:: EXERCISE AIM ::
Copy the data precisely, character for character, and leave out every picture.

:: DATA PROVIDED ::
━━━━

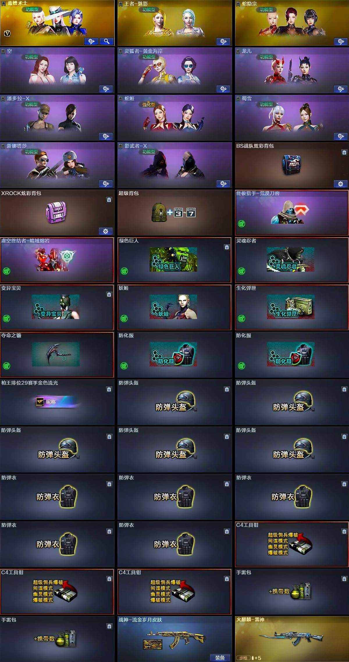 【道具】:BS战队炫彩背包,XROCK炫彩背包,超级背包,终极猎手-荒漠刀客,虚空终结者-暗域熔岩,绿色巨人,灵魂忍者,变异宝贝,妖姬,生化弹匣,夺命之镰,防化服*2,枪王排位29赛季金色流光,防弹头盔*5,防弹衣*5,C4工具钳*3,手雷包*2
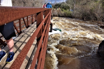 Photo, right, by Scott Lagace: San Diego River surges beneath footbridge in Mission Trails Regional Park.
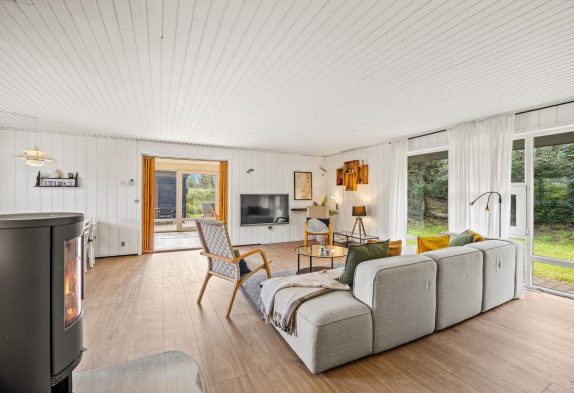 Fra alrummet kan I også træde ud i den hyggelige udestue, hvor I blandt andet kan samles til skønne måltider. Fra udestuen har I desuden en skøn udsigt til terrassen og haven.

━━━━

:: EXPECTED OUTPUT ::
 【道具】:BS战队炫彩背包,XROCK炫彩背包,超级背包,终极猎手-荒漠刀客,虚空终结者-暗域熔岩,绿色巨人,灵魂忍者,变异宝贝,妖姬,生化弹匣,夺命之镰,防化服*2,枪王排位29赛季金色流光,防弹头盔*5,防弹衣*5,C4工具钳*3,手雷包*2
 Photo, right, by Scott Lagace: San Diego River surges beneath footbridge in Mission Trails Regional Park.
 Fra alrummet kan I også træde ud i den hyggelige udestue, hvor I blandt andet kan samles til skønne måltider. Fra udestuen har I desuden en skøn udsigt til terrassen og haven.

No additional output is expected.